Work to be completed
Below, locate the line that contains "Una povera cavalletta". Repeat exactly from that line to the line that contains "single power rack.", inclusive, leaving out the pictures.

Records for this exercise
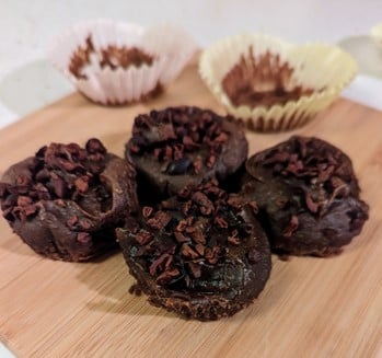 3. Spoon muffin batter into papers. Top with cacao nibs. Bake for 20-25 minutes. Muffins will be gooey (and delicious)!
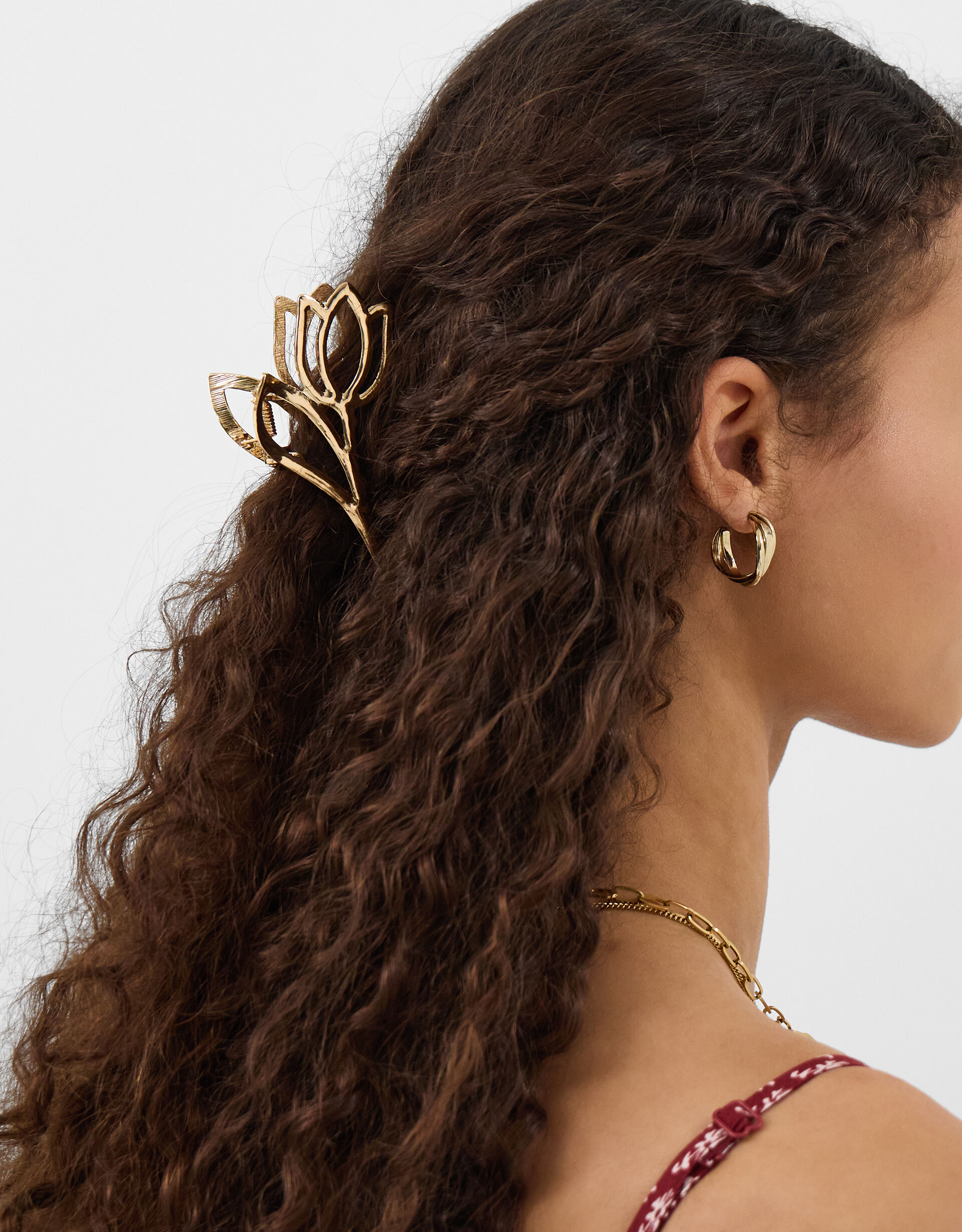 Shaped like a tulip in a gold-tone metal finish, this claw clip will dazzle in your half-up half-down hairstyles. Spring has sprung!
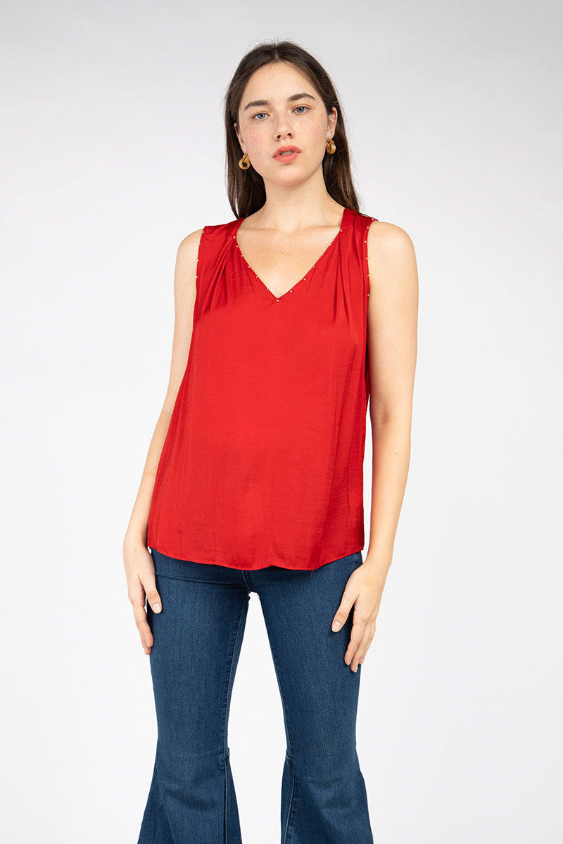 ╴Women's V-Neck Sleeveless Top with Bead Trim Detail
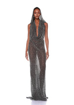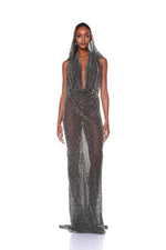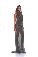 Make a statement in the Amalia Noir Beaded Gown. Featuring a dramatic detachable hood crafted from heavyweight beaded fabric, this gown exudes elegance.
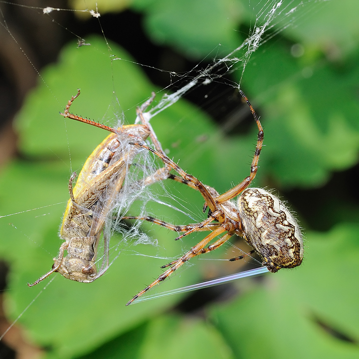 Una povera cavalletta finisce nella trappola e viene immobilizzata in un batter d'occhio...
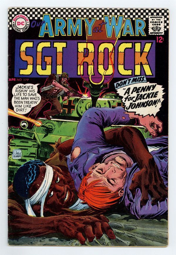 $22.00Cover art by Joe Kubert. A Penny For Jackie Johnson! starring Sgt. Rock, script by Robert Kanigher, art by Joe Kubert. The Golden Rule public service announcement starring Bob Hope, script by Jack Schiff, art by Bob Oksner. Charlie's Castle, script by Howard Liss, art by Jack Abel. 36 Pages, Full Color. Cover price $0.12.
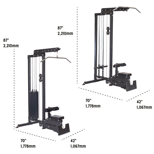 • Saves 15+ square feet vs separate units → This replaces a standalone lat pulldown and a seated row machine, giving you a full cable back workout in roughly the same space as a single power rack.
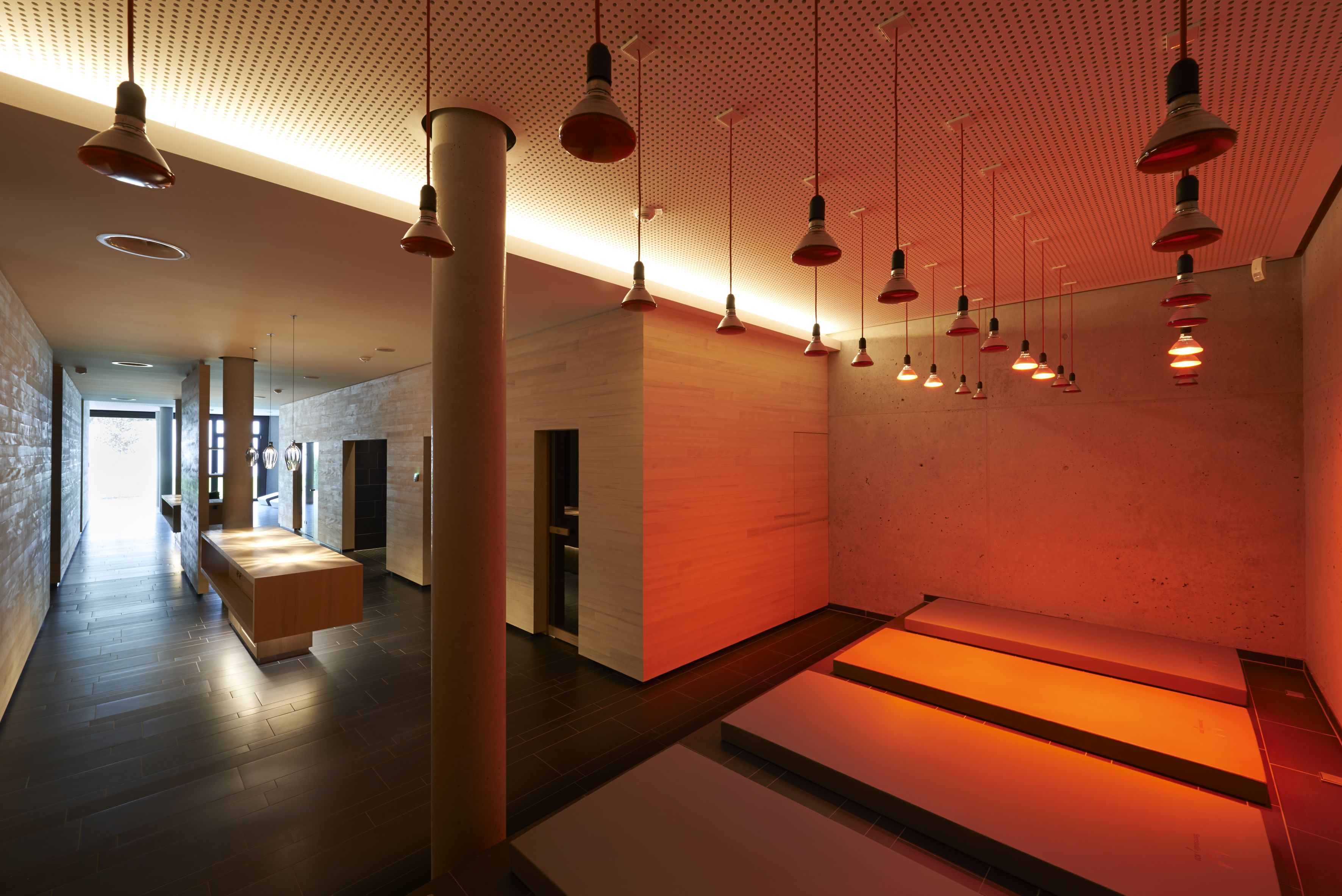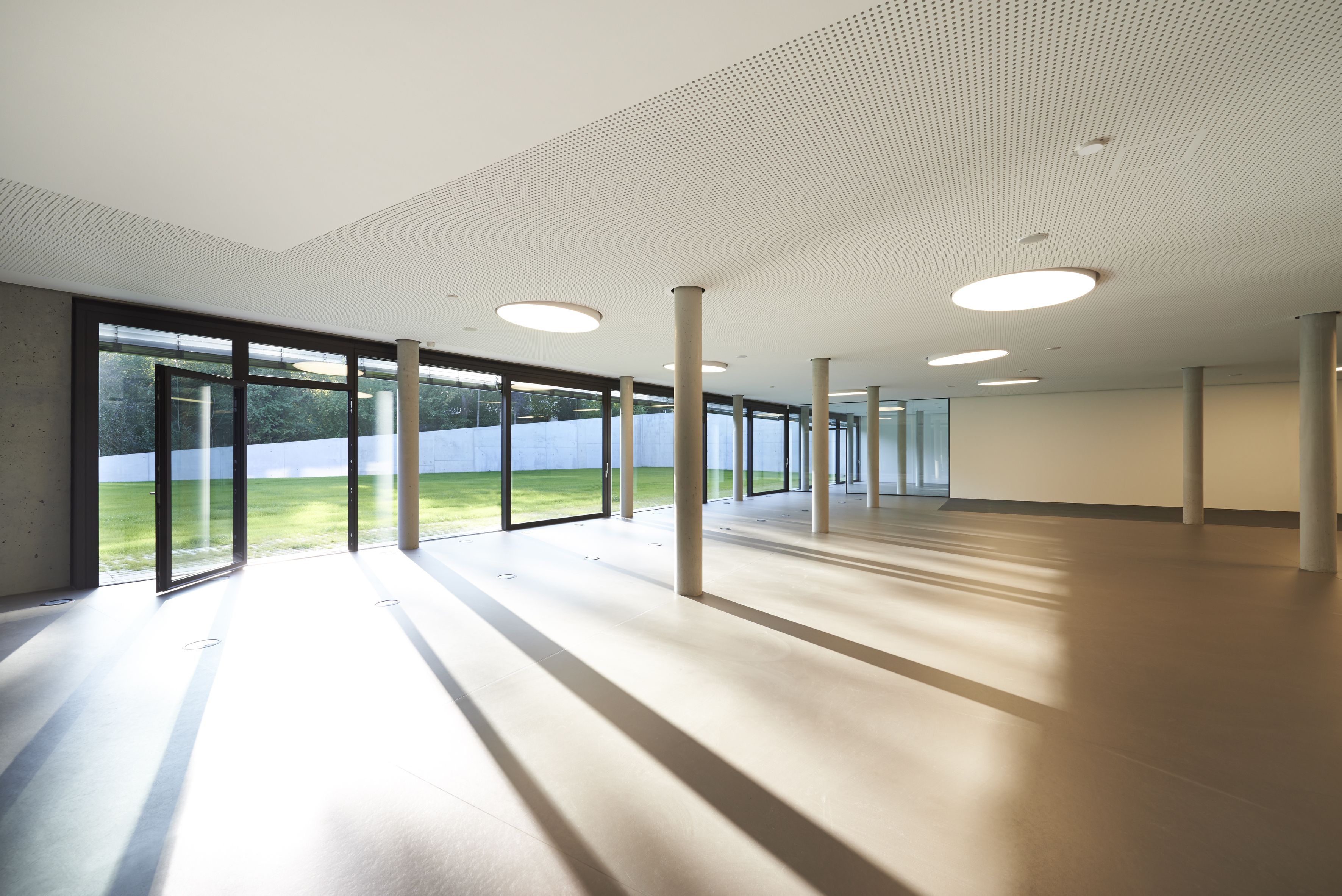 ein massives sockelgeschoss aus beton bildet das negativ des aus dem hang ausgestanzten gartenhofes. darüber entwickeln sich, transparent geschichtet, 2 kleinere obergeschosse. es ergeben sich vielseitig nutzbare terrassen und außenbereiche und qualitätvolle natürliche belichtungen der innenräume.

Result of the task
 Una povera cavalletta finisce nella trappola e viene immobilizzata in un batter d'occhio...
 $22.00Cover art by Joe Kubert. A Penny For Jackie Johnson! starring Sgt. Rock, script by Robert Kanigher, art by Joe Kubert. The Golden Rule public service announcement starring Bob Hope, script by Jack Schiff, art by Bob Oksner. Charlie's Castle, script by Howard Liss, art by Jack Abel. 36 Pages, Full Color. Cover price $0.12.
 • Saves 15+ square feet vs separate units → This replaces a standalone lat pulldown and a seated row machine, giving you a full cable back workout in roughly the same space as a single power rack.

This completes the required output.